Não era toda noite que ela saia na noite com um traje com ares melancólicos como o qual ela escolheu para aquele encontro de amigos após a aula. Geralmente escolhia uma roupa leve, colorida e alegre, e levava alguns acessórios e a maquiagem dentro da bolsa para só depois da última aula ir ao banheiro arrumar-se. Estava cansada do dia de trabalho enfadonho e das pequenas tramas e intrigas de certa colega da empresa, uma com quem dividia a mesma sala. Enjoada do sacolejo do ônibus. Impressionada com meninos que se atiravam do piso alto de um restaurante para a rua como forma de fuga ou diversão. É claro que aquilo poderia dar errado, resultar em um pé quebrado, traumas na coluna, dores difusas, lesões articulares. “Eram uns meninos negros e de cabeça raspada, todos mal nutridos e não tinham mais que doze anos cada. Vi quando um se jogou após ser empurrado pelo qual certamente seria o líder e idealizador da farra. Em seguida, o suposto líder empurrava outro que ia meio desesperado, relutante, certamente contra vontade. Aquele encontrou meu olhar através da janela do ônibus que me transportava. Pude ver a aflição angustiosa em seus olhos, apesar dele parecer não ter um rosto definido, mas apenas a estampa de sua aflição em seus grandes olhos. O ônibus seguiu e os meninos ficaram entregues às suas próprias sortes.” Relatou Agda.

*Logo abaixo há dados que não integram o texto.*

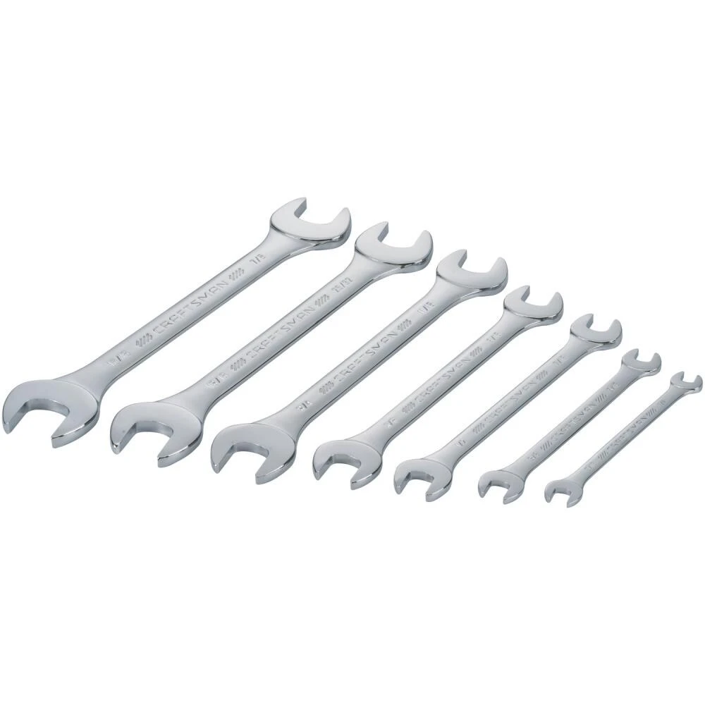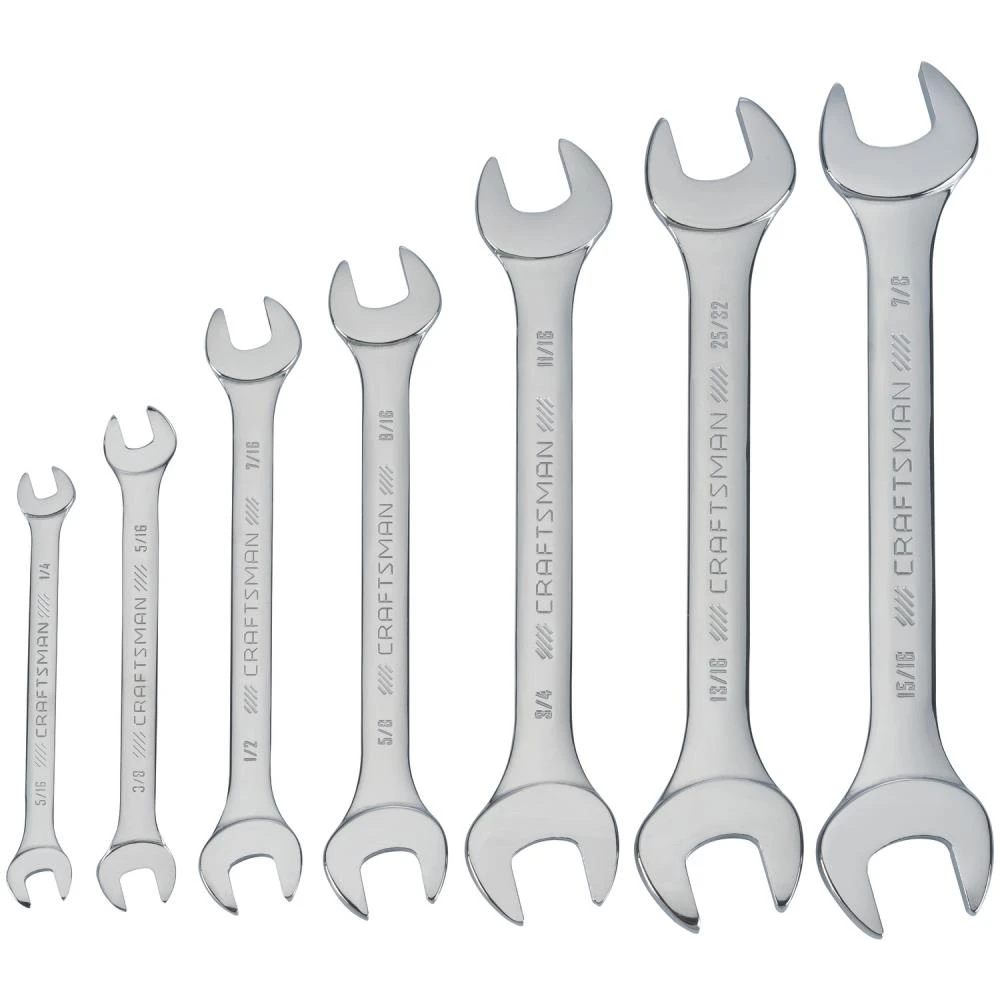 The CRAFTSMAN® 7-piece open-end wrench set provides durability and versatility. From plumbing to weekend projects this set has you covered, featuring two open-end wrench sizes on each piece, including 1/4 x 5/16, 5/16 x 3/8, 7/16 x 1/2, 9/16 x 5/8, 11/16 x 3/4, 25/32 x 13/16, 7/8 x 15/16-in. You’ll appreciate the unmatched grip and solid durability of this tool set. The varying handle lengths are based on the size of the wrench and designed to provide a comfortable grip and optimum amount of torque to break loose or tighten stubborn pipes, nuts and bolts.
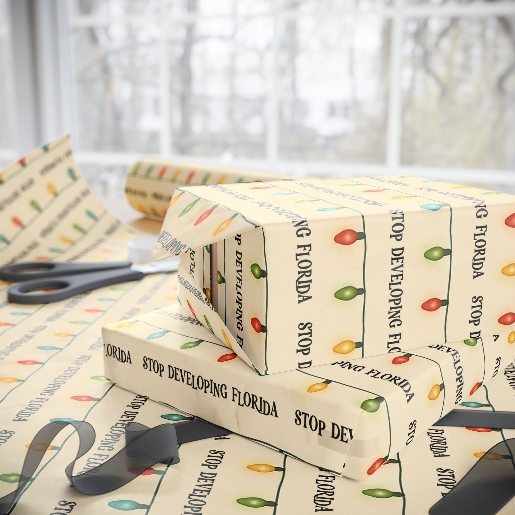 Wrap your gifts with purpose. Clean, high-contrast lines of the STOP DEVELOPING FLORIDA slogan, accented with vintage-style holiday lights for a festive punch.🌴🎁✨
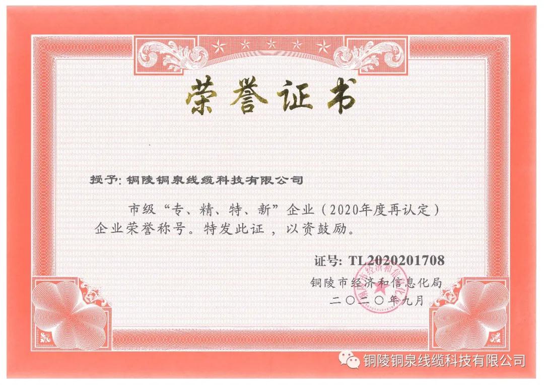 經(jīng)過層層評比,近日,銅泉公司通過了2017年度市級專精特新企業(yè)復(fù)核認定!此次的復(fù)核通過再次證明了銅泉線纜在市場、質(zhì)量、效益、發(fā)展等方面的先進性和示范性,更是對我公司在“專業(yè)化、精細化、特色化、創(chuàng)新化”等方面所做努力的高度肯定。

Naquela noite, todos haviam comparecido à aula para tratar os assuntos finais da comissão de formatura. A maioria havia caprichado na indumentária, ou se preferir, no visual, sabendo que as câmeras estariam apostas para o registro à posteridade, mas muito mais às redes sociais. Agda era a única visivelmente inclinada ao soturno, sombrio e já maquiada desde a primeira aula em tonalidades escuras. Combinaram o encontro no Bar da Constância, onde haveria música ao vivo, uma boa banda. Lá muitos foram com a intenção de se embebedar o quanto fosse possível. Agda permaneceu calada e introspectiva. Hora observava o tumulto de sons, vozes e movimentos, hora apenas sorvia uma tragada no vermute contemplando a taça.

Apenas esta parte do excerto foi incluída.